Task instructions: Although pictures appear in the data, the answer should contain only the lines from its start through the line with "собор —Учредительное собрание.", written out exactly.

╭──

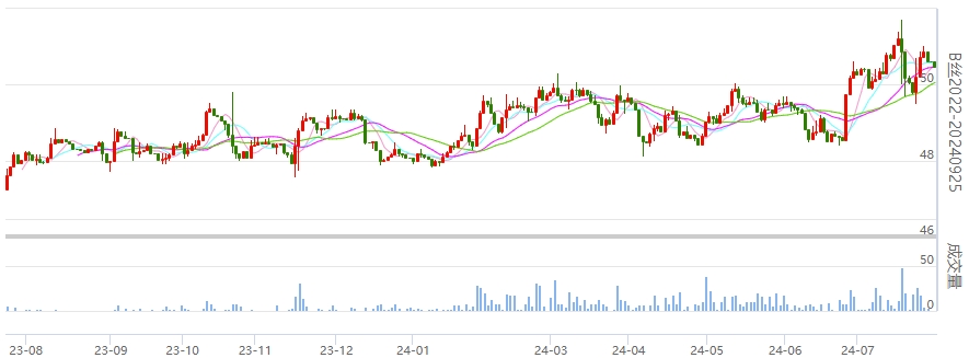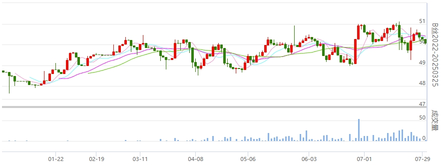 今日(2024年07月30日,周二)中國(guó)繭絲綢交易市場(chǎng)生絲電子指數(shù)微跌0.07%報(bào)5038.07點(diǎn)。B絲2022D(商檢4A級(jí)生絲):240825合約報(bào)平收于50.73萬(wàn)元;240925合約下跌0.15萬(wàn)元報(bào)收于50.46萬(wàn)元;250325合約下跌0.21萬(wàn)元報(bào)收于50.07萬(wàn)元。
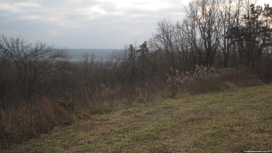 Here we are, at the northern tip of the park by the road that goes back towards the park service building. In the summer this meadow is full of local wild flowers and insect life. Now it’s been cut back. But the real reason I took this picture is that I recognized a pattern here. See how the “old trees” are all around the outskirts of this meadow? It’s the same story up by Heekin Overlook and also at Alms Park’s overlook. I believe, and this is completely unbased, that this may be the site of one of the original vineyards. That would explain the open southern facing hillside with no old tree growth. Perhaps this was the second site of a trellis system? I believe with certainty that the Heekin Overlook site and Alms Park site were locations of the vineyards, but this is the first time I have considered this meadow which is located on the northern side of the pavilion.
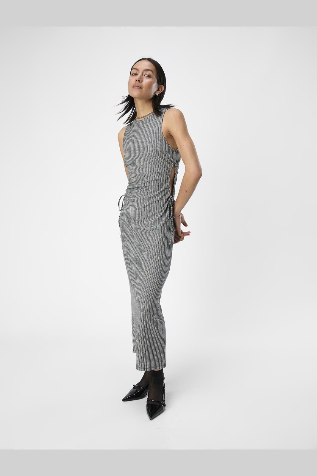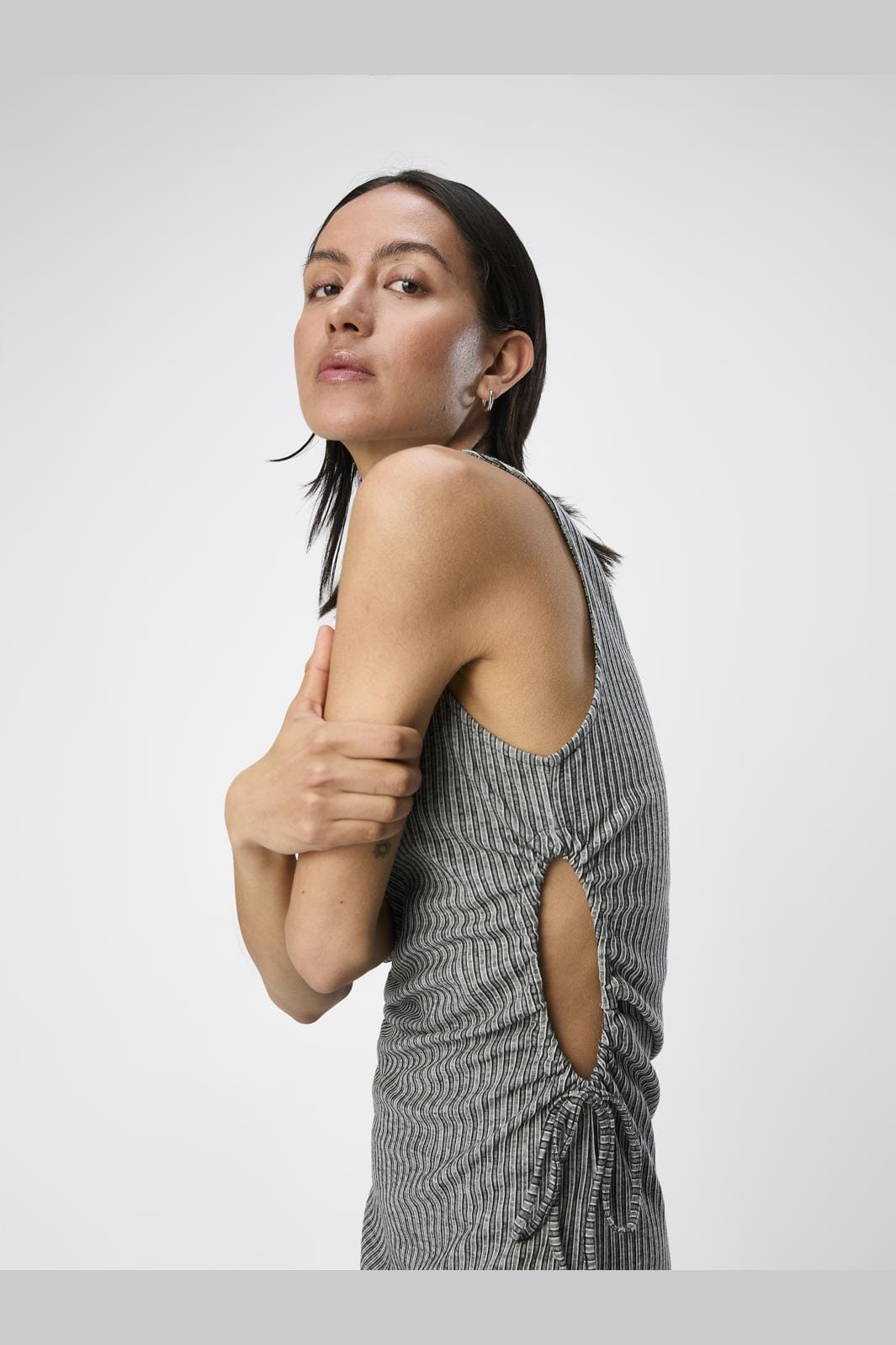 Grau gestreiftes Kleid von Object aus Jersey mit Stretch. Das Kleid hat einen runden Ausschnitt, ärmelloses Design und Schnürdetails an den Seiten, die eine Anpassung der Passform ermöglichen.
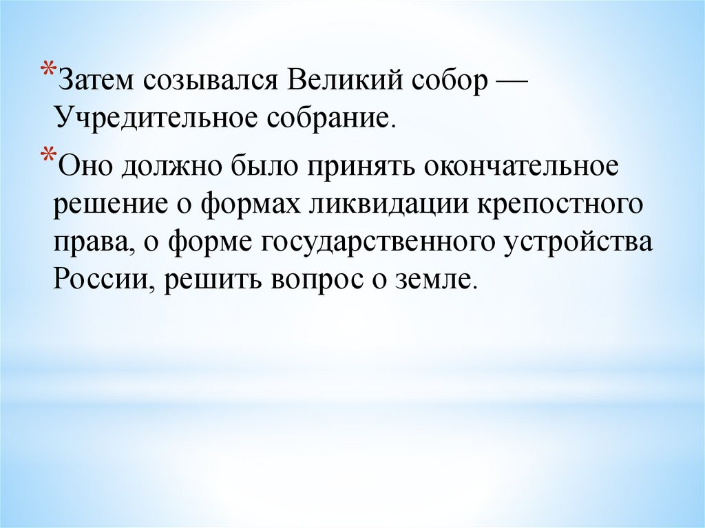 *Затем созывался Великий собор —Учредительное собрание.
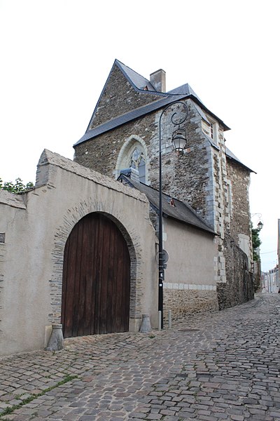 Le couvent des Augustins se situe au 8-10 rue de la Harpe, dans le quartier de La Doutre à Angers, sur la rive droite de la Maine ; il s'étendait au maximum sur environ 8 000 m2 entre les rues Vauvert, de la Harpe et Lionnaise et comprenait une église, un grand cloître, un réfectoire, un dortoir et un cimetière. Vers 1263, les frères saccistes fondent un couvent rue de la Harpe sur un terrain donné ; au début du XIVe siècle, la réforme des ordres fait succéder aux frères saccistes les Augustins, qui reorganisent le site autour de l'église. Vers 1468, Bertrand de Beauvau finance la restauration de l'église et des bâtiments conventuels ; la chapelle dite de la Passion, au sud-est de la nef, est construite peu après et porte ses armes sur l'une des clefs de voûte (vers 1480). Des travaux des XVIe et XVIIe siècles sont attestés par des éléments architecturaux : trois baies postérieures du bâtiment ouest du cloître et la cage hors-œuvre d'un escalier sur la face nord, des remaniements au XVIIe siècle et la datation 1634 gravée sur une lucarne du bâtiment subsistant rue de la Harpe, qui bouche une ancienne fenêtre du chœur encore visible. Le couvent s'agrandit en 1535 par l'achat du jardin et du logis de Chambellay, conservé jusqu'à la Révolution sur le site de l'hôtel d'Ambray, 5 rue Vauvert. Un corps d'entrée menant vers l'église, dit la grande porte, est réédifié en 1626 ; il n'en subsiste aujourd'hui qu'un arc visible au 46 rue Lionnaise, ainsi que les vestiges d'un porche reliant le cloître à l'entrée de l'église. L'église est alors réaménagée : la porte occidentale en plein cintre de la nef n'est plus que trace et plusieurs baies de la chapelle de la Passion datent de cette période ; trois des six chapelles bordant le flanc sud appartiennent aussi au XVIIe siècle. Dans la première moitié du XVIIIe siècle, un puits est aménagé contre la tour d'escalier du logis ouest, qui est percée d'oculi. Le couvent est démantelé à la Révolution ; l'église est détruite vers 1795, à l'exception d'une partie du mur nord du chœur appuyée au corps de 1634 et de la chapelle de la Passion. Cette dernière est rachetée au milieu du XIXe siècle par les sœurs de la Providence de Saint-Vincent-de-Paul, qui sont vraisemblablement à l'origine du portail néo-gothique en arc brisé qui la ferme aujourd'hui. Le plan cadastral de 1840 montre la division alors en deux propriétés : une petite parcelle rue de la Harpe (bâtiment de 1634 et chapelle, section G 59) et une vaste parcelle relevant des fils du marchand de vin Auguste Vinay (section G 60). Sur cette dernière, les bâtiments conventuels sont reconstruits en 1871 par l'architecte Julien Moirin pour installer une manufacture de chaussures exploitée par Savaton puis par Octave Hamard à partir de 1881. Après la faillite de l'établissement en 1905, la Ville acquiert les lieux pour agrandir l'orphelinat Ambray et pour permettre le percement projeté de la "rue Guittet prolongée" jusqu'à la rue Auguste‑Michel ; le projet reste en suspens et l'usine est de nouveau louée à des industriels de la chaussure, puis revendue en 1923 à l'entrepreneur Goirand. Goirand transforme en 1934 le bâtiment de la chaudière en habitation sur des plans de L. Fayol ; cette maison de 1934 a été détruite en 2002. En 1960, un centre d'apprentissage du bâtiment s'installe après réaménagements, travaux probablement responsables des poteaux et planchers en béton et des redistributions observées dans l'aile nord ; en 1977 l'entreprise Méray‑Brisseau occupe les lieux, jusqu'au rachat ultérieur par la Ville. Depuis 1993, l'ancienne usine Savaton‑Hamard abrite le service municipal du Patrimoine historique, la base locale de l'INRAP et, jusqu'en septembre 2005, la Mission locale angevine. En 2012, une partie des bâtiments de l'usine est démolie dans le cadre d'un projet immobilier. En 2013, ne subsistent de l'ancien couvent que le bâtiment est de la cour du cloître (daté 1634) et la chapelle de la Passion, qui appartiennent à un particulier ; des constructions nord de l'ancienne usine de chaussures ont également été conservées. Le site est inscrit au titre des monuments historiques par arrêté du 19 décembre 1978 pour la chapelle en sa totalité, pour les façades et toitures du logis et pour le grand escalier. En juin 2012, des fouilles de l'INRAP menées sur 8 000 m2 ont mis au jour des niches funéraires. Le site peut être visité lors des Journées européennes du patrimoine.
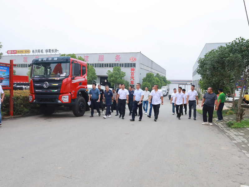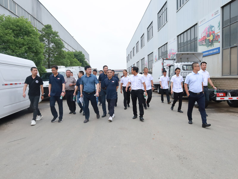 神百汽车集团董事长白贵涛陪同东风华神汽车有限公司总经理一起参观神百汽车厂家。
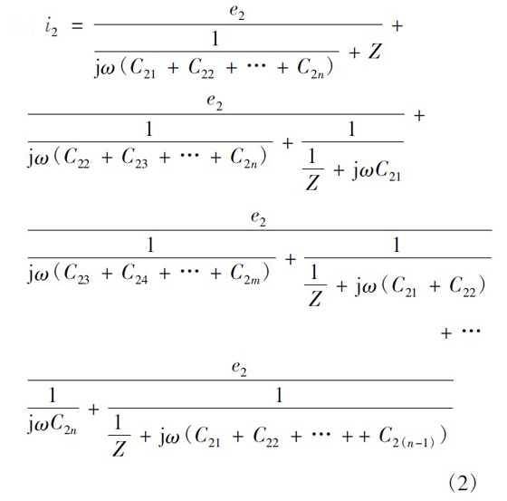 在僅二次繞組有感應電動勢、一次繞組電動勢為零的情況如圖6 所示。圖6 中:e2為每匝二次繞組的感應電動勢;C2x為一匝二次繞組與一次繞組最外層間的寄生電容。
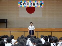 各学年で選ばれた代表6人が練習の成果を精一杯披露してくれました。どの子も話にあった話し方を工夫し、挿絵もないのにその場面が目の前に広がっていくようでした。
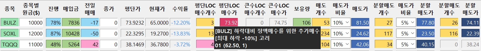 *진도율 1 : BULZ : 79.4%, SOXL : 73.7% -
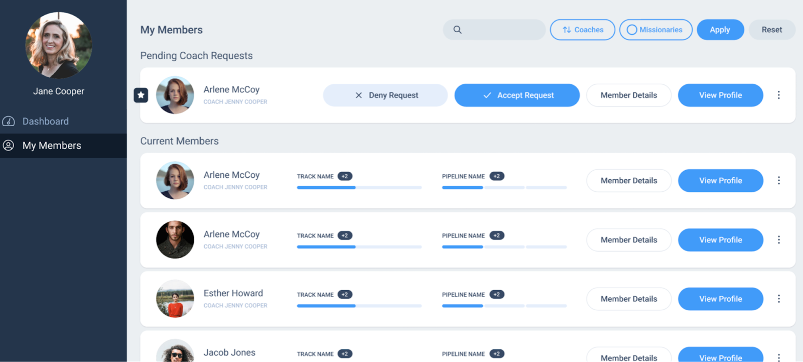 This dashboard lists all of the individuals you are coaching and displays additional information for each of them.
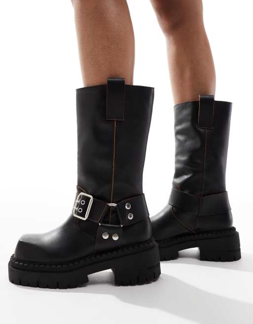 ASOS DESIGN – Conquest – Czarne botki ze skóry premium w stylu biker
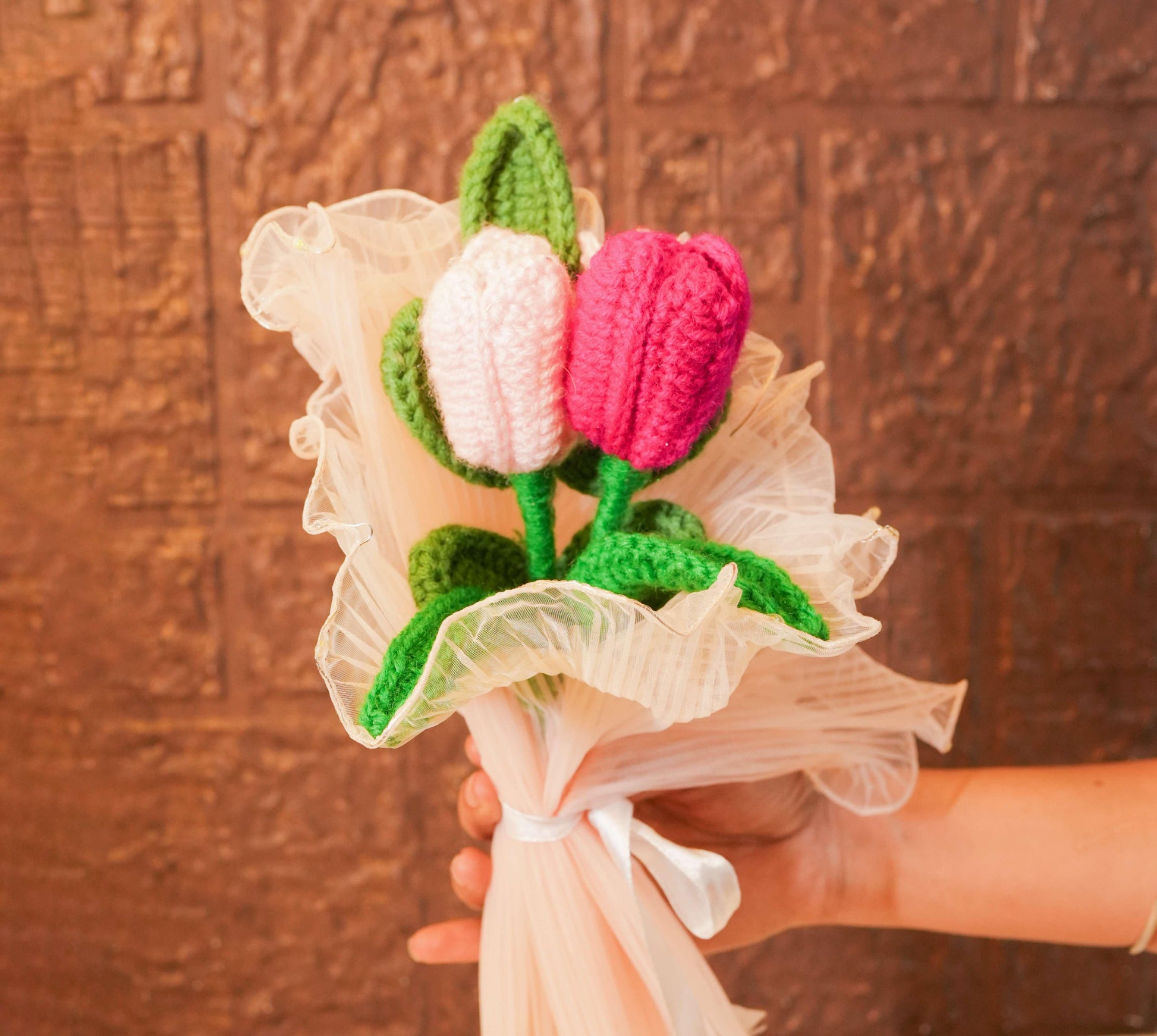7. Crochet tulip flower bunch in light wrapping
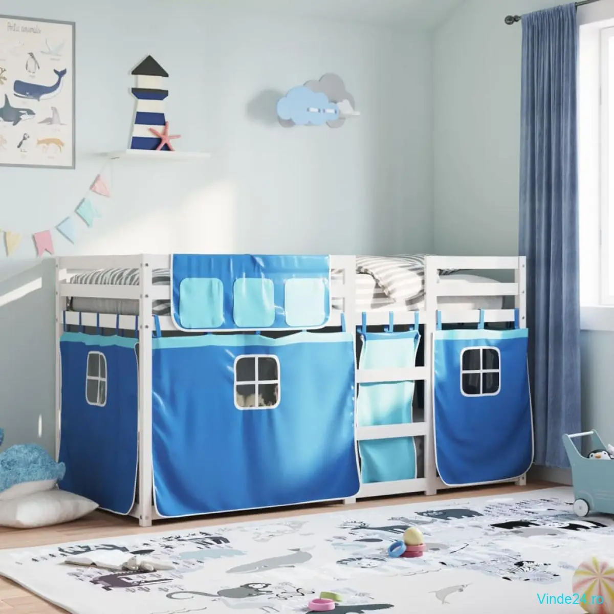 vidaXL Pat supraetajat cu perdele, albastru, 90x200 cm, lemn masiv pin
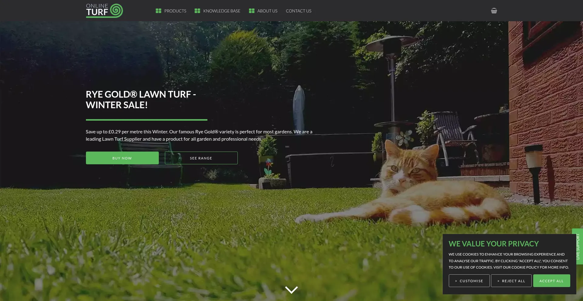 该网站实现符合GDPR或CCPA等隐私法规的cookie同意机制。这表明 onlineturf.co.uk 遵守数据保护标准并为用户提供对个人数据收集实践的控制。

╰──

Written response:
 今日(2024年07月30日,周二)中國(guó)繭絲綢交易市場(chǎng)生絲電子指數(shù)微跌0.07%報(bào)5038.07點(diǎn)。B絲2022D(商檢4A級(jí)生絲):240825合約報(bào)平收于50.73萬(wàn)元;240925合約下跌0.15萬(wàn)元報(bào)收于50.46萬(wàn)元;250325合約下跌0.21萬(wàn)元報(bào)收于50.07萬(wàn)元。
 Here we are, at the northern tip of the park by the road that goes back towards the park service building. In the summer this meadow is full of local wild flowers and insect life. Now it’s been cut back. But the real reason I took this picture is that I recognized a pattern here. See how the “old trees” are all around the outskirts of this meadow? It’s the same story up by Heekin Overlook and also at Alms Park’s overlook. I believe, and this is completely unbased, that this may be the site of one of the original vineyards. That would explain the open southern facing hillside with no old tree growth. Perhaps this was the second site of a trellis system? I believe with certainty that the Heekin Overlook site and Alms Park site were locations of the vineyards, but this is the first time I have considered this meadow which is located on the northern side of the pavilion.
 Grau gestreiftes Kleid von Object aus Jersey mit Stretch. Das Kleid hat einen runden Ausschnitt, ärmelloses Design und Schnürdetails an den Seiten, die eine Anpassung der Passform ermöglichen.
 *Затем созывался Великий собор —Учредительное собрание.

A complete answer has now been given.